(Stored data)

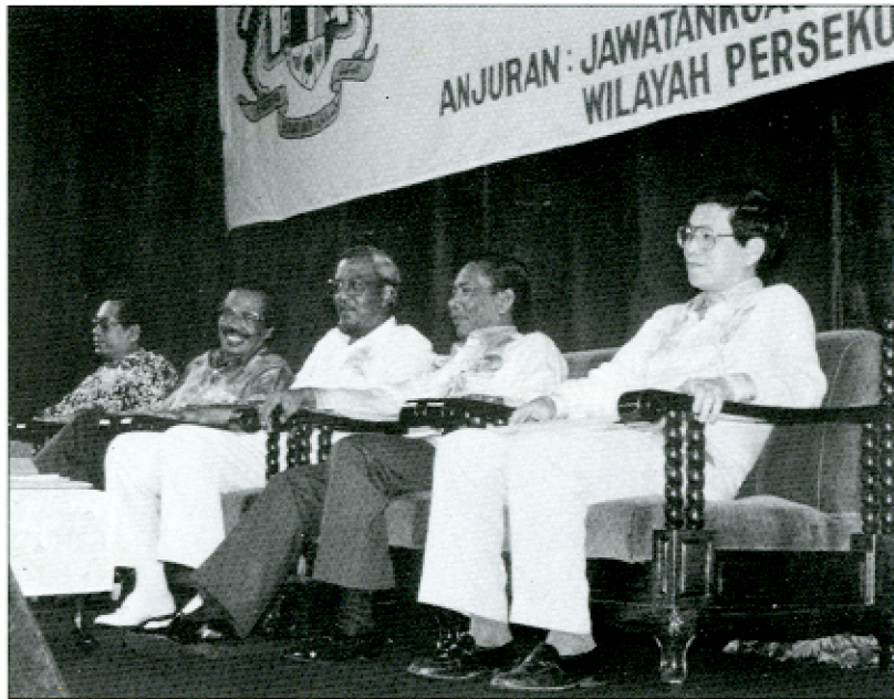
Dato' Elyas: Semangat persaudaraan ... dan semangat kewarganegaraan.

Yang lebih penting, kata Datuk Bandar, ialah matlamat untuk mewujudkan satu bangsa Malaysia yang dapat mencerminkan identiti tersendiri. Setiap lapisan masyarakat, tidak kira tua, muda atau keturunan, haruslah mempunyai tanggungjawab dan kewajipan terhadap pembangunan negara.
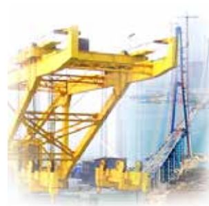
Профессиональное такелажное оборудование
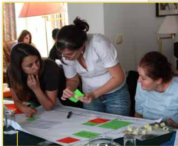
Një pjesë e pjesëmarrësve në njërin nga ushtrimet praktike gjatë trajnimit

Si pjesë e kursit për avokim dhe lobim pjesëmarrësit morën kaluan nëpër identifikimin e çështjes ose problemit për të cilin do të avokohet ose lobohet, nëpër qëllimet, partneritetet dhe aleancat që do të bëhen, përmes ballafaqimit me fuqinë, më tej biseduan për inkuadrimin në krijimin e politikave, vetë krijimin e politikave dhe në fund vetë analizuan policy paper të përgatitura.
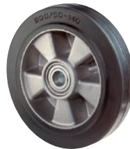
Elastik-Vollgummi • hohe Belastbarkeit • extrem abriebfest • ausgezeichneter Fahr- und Bedienungskomfort
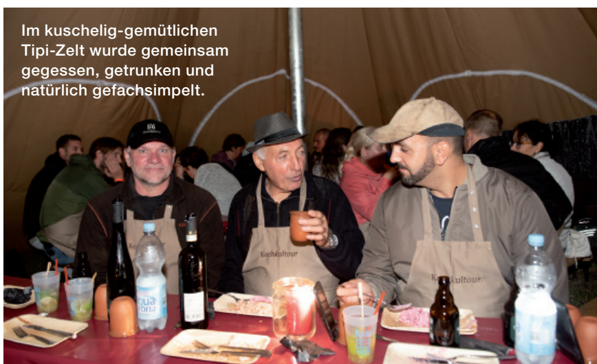
Im kuschelig-gemütlichen Tipi-Zelt wurde gemeinsam gegessen, getrunken und natürlich gefachsimpelt.
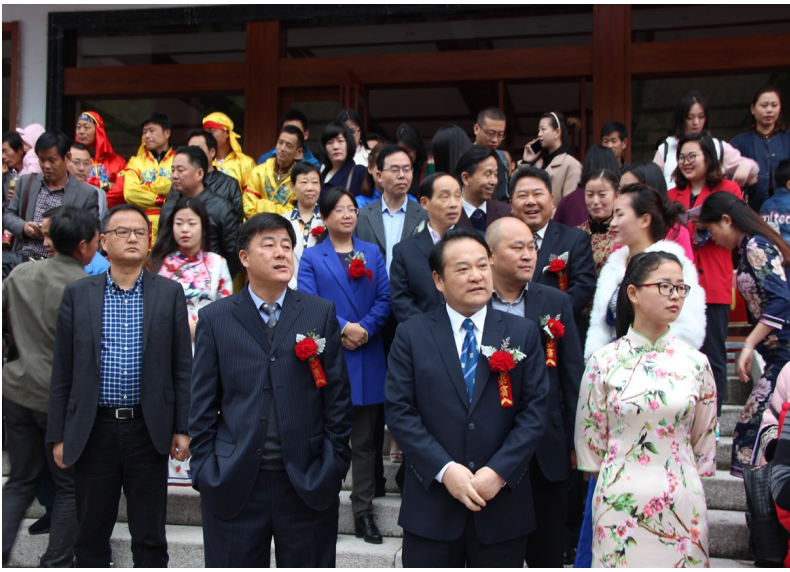
地方党政领导和嘉宾进入启动仪式会场

(End Stored data)

_Your instructions_: What you write must match, line for line, the lines from the one with "Elastik-Vollgummi • hohe" through the last line of the data above, minus the pictures.

_Result for this exercise_:
Elastik-Vollgummi • hohe Belastbarkeit • extrem abriebfest • ausgezeichneter Fahr- und Bedienungskomfort
Im kuschelig-gemütlichen Tipi-Zelt wurde gemeinsam gegessen, getrunken und natürlich gefachsimpelt.
地方党政领导和嘉宾进入启动仪式会场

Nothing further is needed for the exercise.